よく考えたらルカヴィスはいつも外ですませていたから、こうして女性と一緒にいる寝所にいるのは初めてだなと思いながらマルセラは扉を開いた。

そしてルカヴィスの表情に驚く。

「マルセラ、俺は彼女と結婚するぞ」

(殿下!)

ルカヴィスに信頼されていると自負しているマルセラでも、ここ十年は見ていない「ルカヴィス殿下の満面の笑み」に嬉し涙が出そうになった。

マルセラは実な根が素直な人情家なのだ。

(……いえ、だめよ)

女性をみたマルセラは自分を諫めた。

どう見たって平民女性。

女性のきれいな顔立ちから貴族令嬢が変装している線もあったが、立ち居振る舞いから「恐らく平民」「貴族だとしても下位」とマルセラは判断した。

大切に育て上げたルカヴィス。

彼の今後を考えれば「結婚する=正妃に迎える」を許容するわけにはいかない。

ここは自分が心を鬼にしなくてはいけないと思ったが――。

「なにを勝手なことを仰っているのですか? 私は結婚しないと言っているではありませんか」

(……断られていますけれど?)

どういうことだと、マルセラは首を傾げた。

「遊び人なんかと結婚したら不幸の奈落に真っ逆さまです」

「遊び人なんかではない、王子だ」

「王子だって遊べますし、遊んでいらっしゃったでしょう」

こんなやりとりをずっと眺めていたマルセラには、一つだけ分かったことがある。

この二人、両想い。

(あの上着も殿下のものですしねえ)

彼シャツならぬ彼上着を着た女性。

しかもボタンをしっかり全てはめて、ぶかぶかの袖も折って、しっかり着ている。

あれでNOはないなとマルセラは思う。

そして、いまマルセラはとても楽しんでいた。

女は何歳になっても恋愛ロマンスが好きなのだと実感していた。

「ご存知ですよね? 私は愛し愛される、平凡な結婚を望んでおります」

「“平凡な”なんて今まで条件になかっただろう」

ルカヴィスの反論に女性は分かりやすく目を逸らした。

その素直さにマルセラは彼女の愛らしさを感じた。

「王子様に求婚される夢は五歳で捨てました」

「拾えばいい」

(そういう問題なのかしら)

「そういう問題ではありません。
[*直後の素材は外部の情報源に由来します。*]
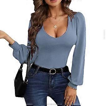 Femmes V Col Plissé Chemisier Ample Coupe Lanterne À Manches Longues Plaine Couleur Casual Pull Top
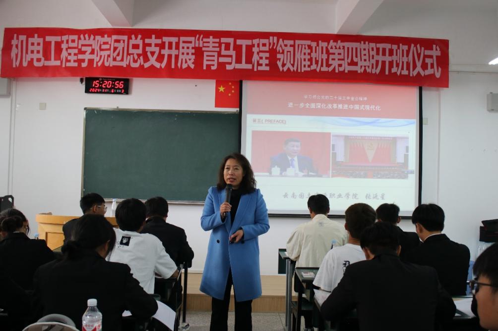 11月6日下午,澳门网投十大信誉平台团总支“青马工程”领雁班第四期第一讲在笃行楼314教室正式拉开帷幕。本次团课有幸邀请到学校党委委员、宣传部部长、马克思主义学院院长张延星老师,以《学习领会党的二十届三中全会精神》为专题,为第四期青马班的全体学员带来了精彩的授课。
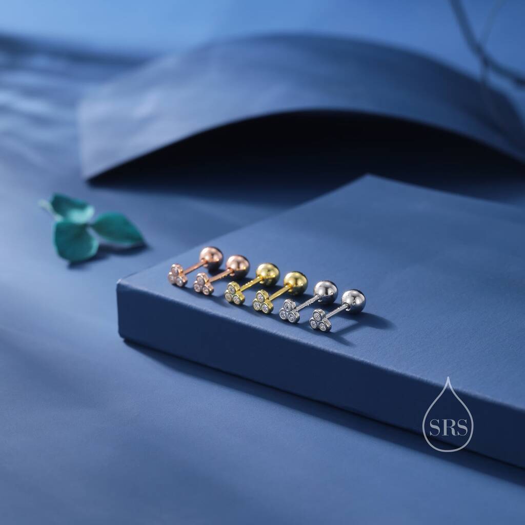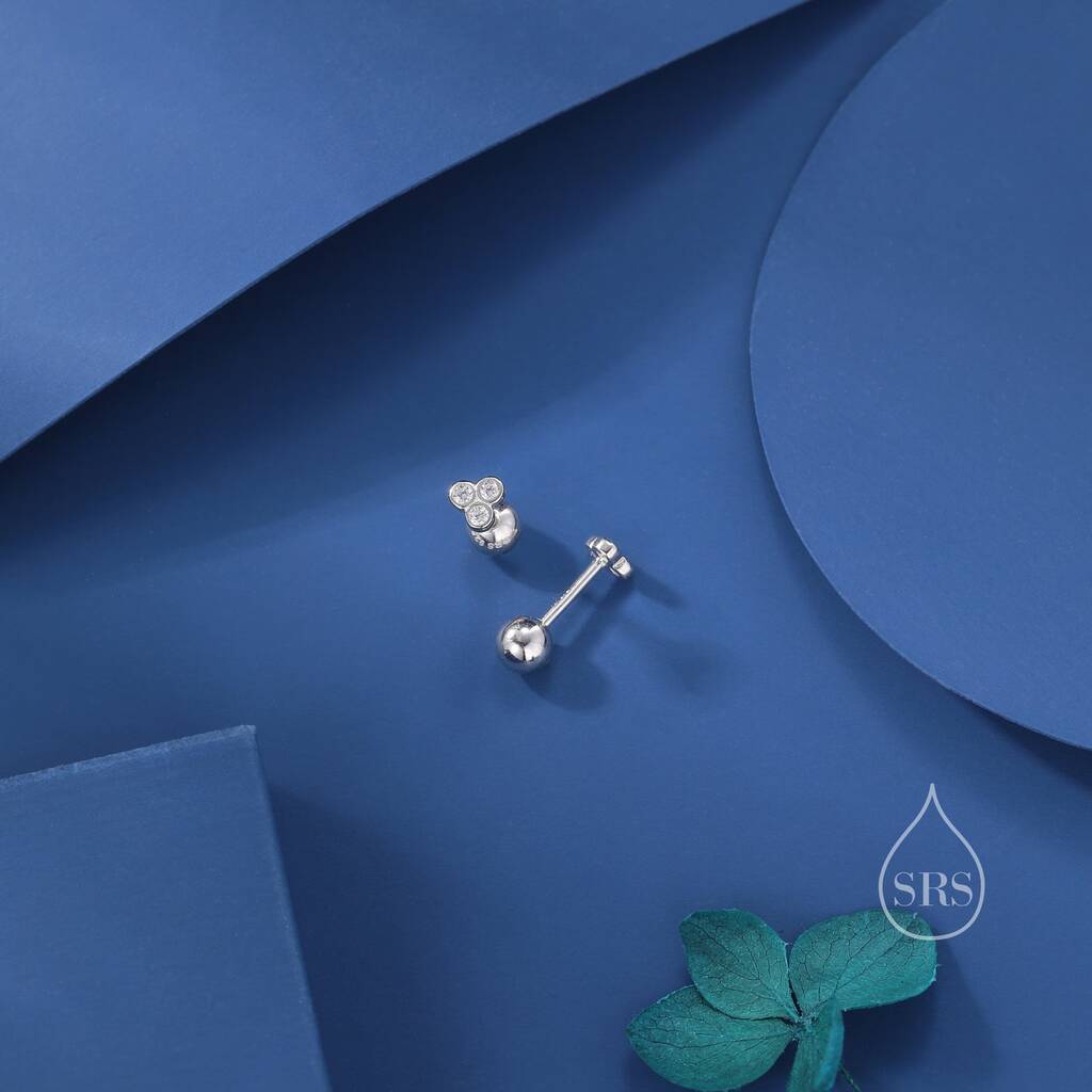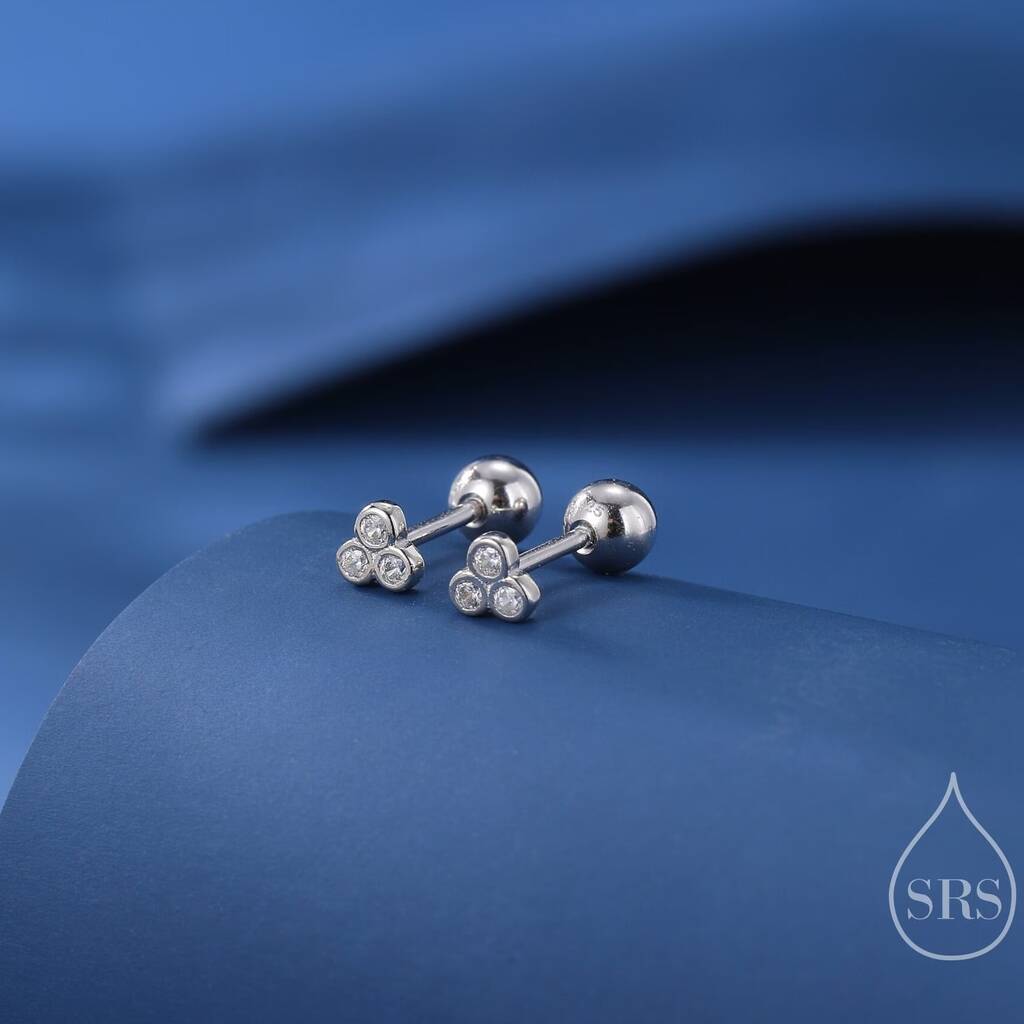 Delicate sterling silver three tiny CZ stones with secure screw backs, adding subtle sparkle and a refined, stylish touch to everyday wear or gifting.

王太子なら、殿下は大国の姫君か高位貴族のご令嬢を妃として迎えなくてなりません。そんな決まりがないとしても、そうしなければいけない理由を経験なさった殿下ならば、その重要性がお分かりのはずです」

(あらまあ、かつてのエレノア妃殿下を見ている気分だわ)

エレノア妃、つまりルカヴィスの生母である先代王妃も国王(当時は王太子)のカリスティオンの求婚をそう言って断っていた。

カリスティオンの乳姉弟であるエレノアは当時カリスティオンの侍女として彼に仕え、その一部始終を見ていた。